Stewardship Ontario receives no funding from government or taxpayers. The cost of running the Blue Box Program—collecting, transporting and processing your recyclables—is split between the municipalities that administer local recycling programs and the companies (or stewards) that produce the materials or products that end up in curbside recycling boxes.

What is a diversion rate?

The province’s diversion rate is calculated by dividing the amount of waste that is diverted away from landfill sites by the total amount of waste produced (including the amount sent to landfill). When the Blue Box program was launched in 2004, the Ontario Ministry of the Environment established a 50 per cent diversion rate, rising to 60 per cent in 2008. The Blue Box Program diverts almost a million tonnes of printed paper and packaging each year and continues to keep the percentage of waste that goes to recycling above the 60 per cent target rate.

Why should I recycle?

Recycling turns products that would otherwise become waste into new products or resources. Reducing the amount of waste that goes to landfill addresses health and environmental concerns—and the shortage of landfill space. Recycling ensures useful materials aren’t wasted, and reduces the related consumption of raw materials and energy in manufacturing. Glass, for example, takes up to 4,000 years to decompose in a landfill site. When you take your Blue Box to the curb, you’re also helping to reduce greenhouse gas emissions that contribute to climate change, and protecting our natural resources from depletion. But you’re not only doing the right thing for our environment—you’re also doing the right thing for the economy. In addition to creating jobs, recycling creates a profitable market for recycled materials, an increasingly important commodity in today’s marketplace. 

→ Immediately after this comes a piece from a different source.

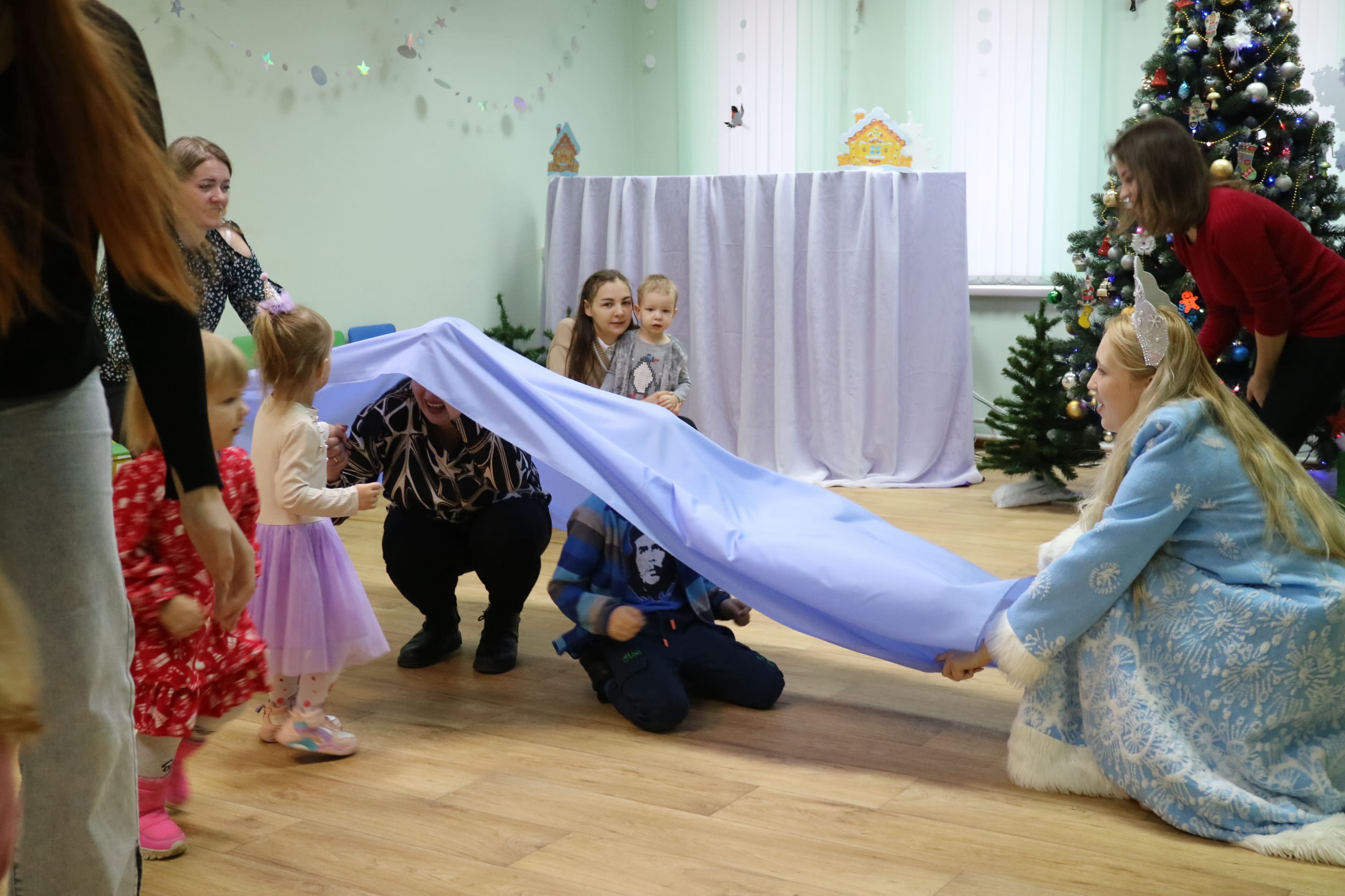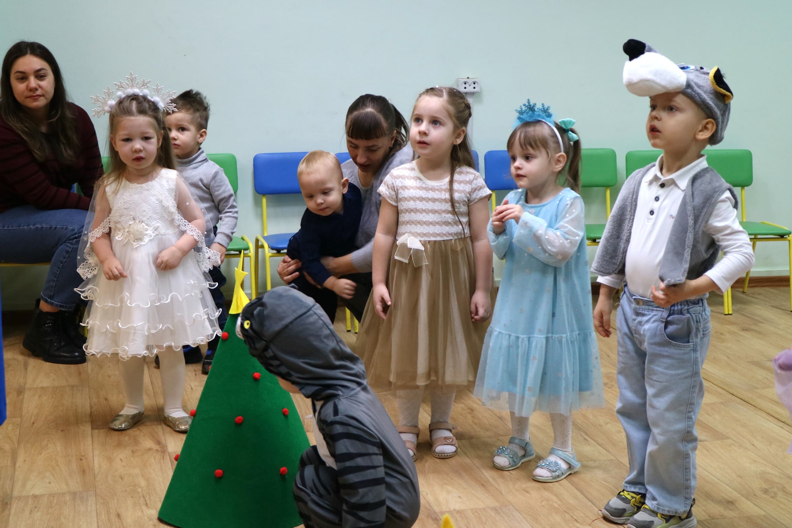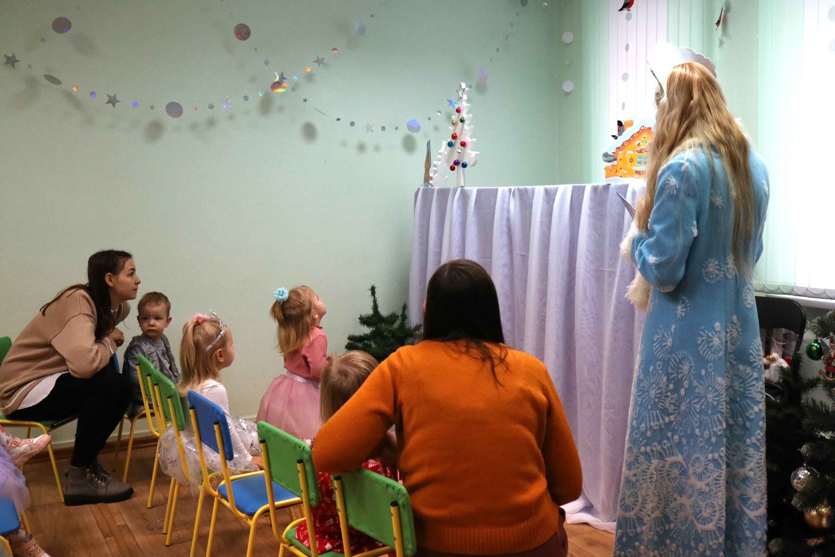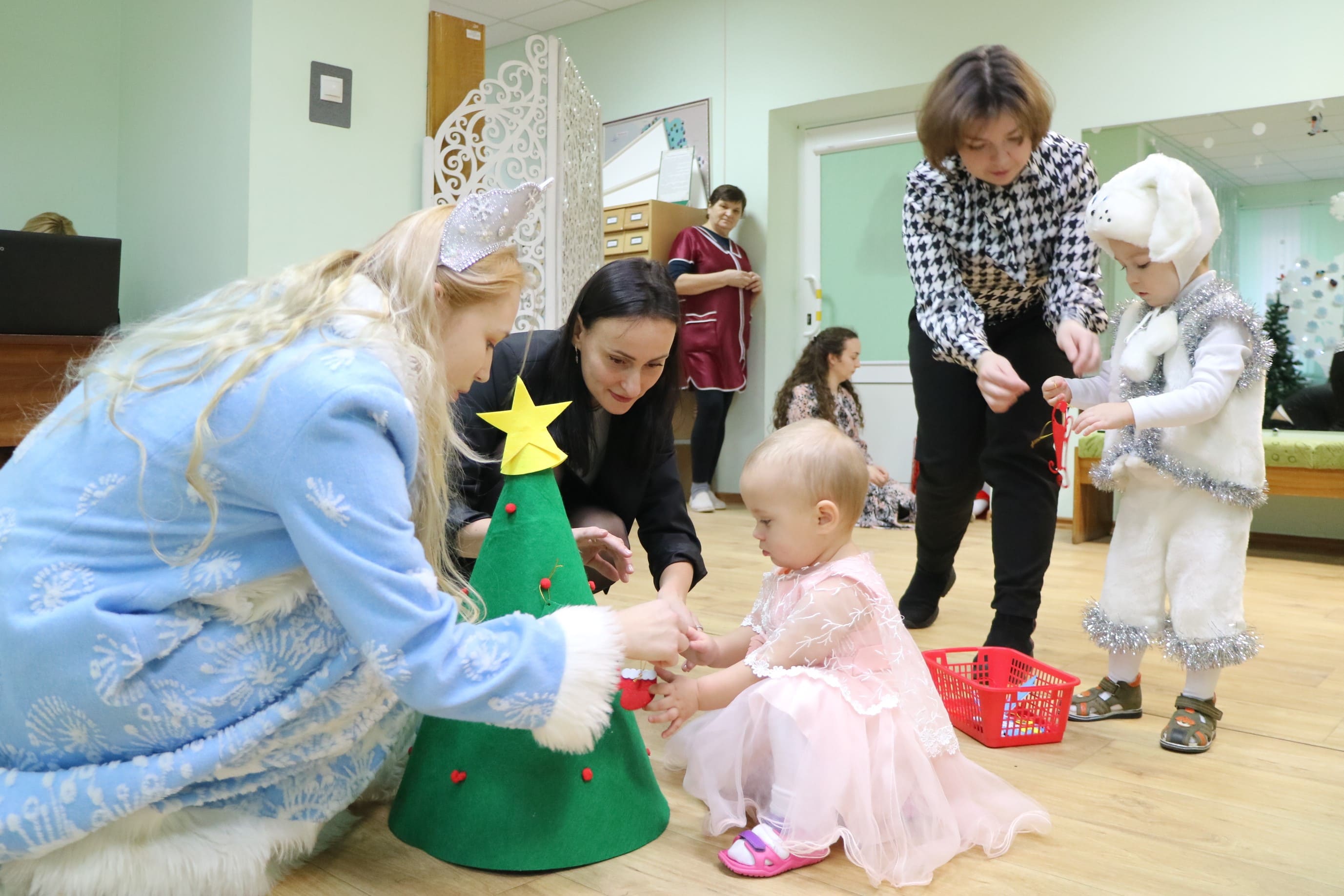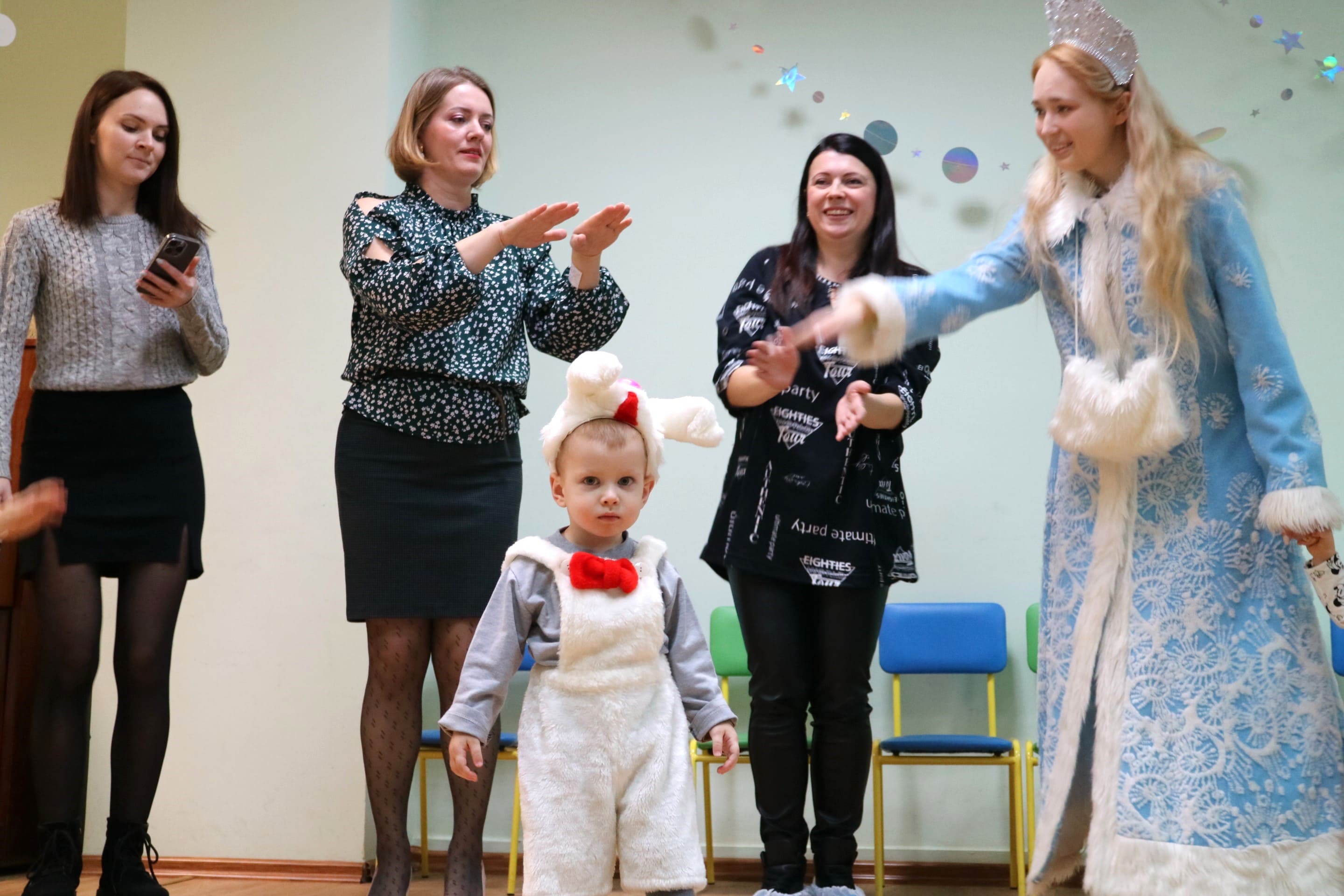 Вместе со Снегурочкой малыши водили хороводы, зажигали огоньки на елочке, играли в снежки, прятались от зимней метели, помогали Дедушке Морозу разложить конфеты. А также ребята поучаствовали в интерактивном кукольном спектакле: помогли Зайчику вернуть новогоднюю елочку и встретить Новый год весело.

How do I know when my Blue Box materials will be collected?

Check with your municipality. Many municipalities publish online collection calendars. 

How do I get a recycling bin for my household?

Contact your municipality to find out how your local recycling program works. In most cases, Blue Boxes (or their equivalent) are provided free of charge.

What happens to my recycling?

Once recyclables are collected, they’re sorted, baled, and either sold to processors or manufacturers that reuse the materials or recycle them into new products. The revenue individual municipalities get from selling these materials is used to help offset program costs, making the overall Blue Box Program more cost-effective for both municipalities and stewards. Learn More

Why aren’t some recyclable items accepted in my Blue Box?

Certain items are hard to recycle. Other recyclable items don’t have end markets, which means there are no manufacturers who want to use the recycled products in their manufacturing processes. As part of our market-development initiatives, we explore ways of processing hard-to-recycle materials and identify new markets for recycled materials.